LRD guides and handbook November 2015

Monitoring and surveillance at work - a practical guide for trade union reps

Chapter 7

Non-covert monitoring at work


[ch 7: pages 68-69]

Employees are monitored at work in many different ways. Whenever workers are monitored by collecting or using their personal information, the Data Protection Act 1998 (DPA) will apply. This covers CCTV, phone call logging, email and internet monitoring. 


The DPA does not prevent monitoring, but the adverse impact of any monitoring must be “justified by the benefits to the employer and others”. All monitoring must comply with the core data protection principles (see page 60).


Part 3 of the Employment Practices Code covers all forms of workplace monitoring. There is also a new updated ICO data protection Code of Practice, published in May 2015, addressing the use of surveillance cameras and other technology that captures information relating to identifiable individuals, such as body-worn cameras.

Workers must be told the nature, extent and reasons for any monitoring unless, exceptionally, covert monitoring is justified (see above).

In a workplace with a recognised union, there may be a collective agreement governing the use of monitoring. Ideally it should state clearly that the results of monitoring cannot be used for disciplinary or performance purposes, with possible exceptions for gross misconduct or conduct that risks health and safety.


The ICO Employment Practices Code says that employers engaging in monitoring activities should:


• show a good reason for monitoring employees and consider whether alternative approaches or different methods of monitoring might deliver the same benefits and be more acceptable to workers;


• ensure workers know they are being monitored and why; 


• if monitoring is to be used to enforce rules and standards, make sure workers know clearly what these rules and standards are;


• only use information obtained through monitoring for its original stated purpose (which should be explained clearly in a policy).

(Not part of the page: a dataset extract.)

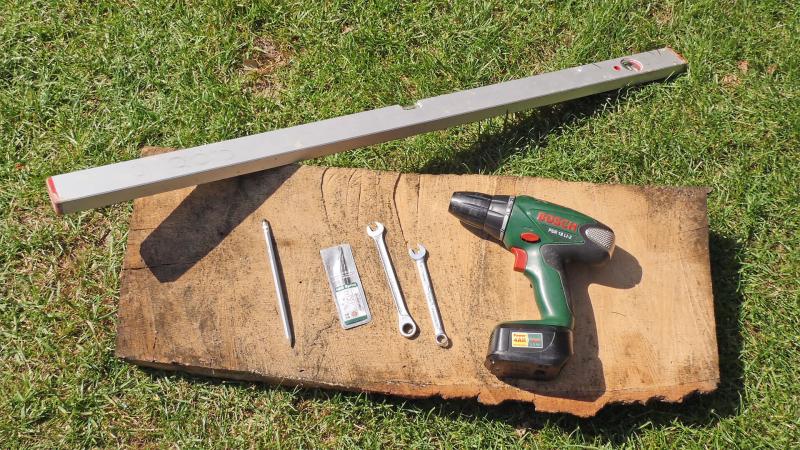Pour le montage, vous aurez besoin d'une perceuse avec un foret à métal de 4,2mm ainsi qu'un tournevis cruciforme (PH2). Vous aurez également besoin d'un niveau à bulle, d'un mètre mesureur, d'un crayon et de deux clés plates 10. Pour ce type de montage vous aurez également besoin d'une perceuse à percussion et des chevilles et vis adaptées à la maçonnerie.

The only possible exception is where it leads to the discovery of an activity that no employer could reasonably be expected to ignore, for example breaches of health and safety rules that put other workers at risk;


• keep information gathered through monitoring secure and not retain it for longer than necessary, or keep more information than is strictly necessary; 


• only allow one or two people access to computer logs or phone recordings, and consider whether these activities should be carried out by security or HR personnel, rather than line managers; 


• not read emails or listen to calls which are clearly personal or private; 


• make sure workers know it may be necessary to check their email accounts or voice mails in their absence;


• target video or audio monitoring only where it is justified, at areas of particular risk, and only use it where workers would not expect much privacy;


• obtain information about a worker’s criminal convictions for monitoring only if justified and only through a certificate from the Disclosure and Barring Service (see page 85); and


• not monitor workers just because a customer imposes a condition requiring this, unless the employer is satisfied the condition is justified under the DPA.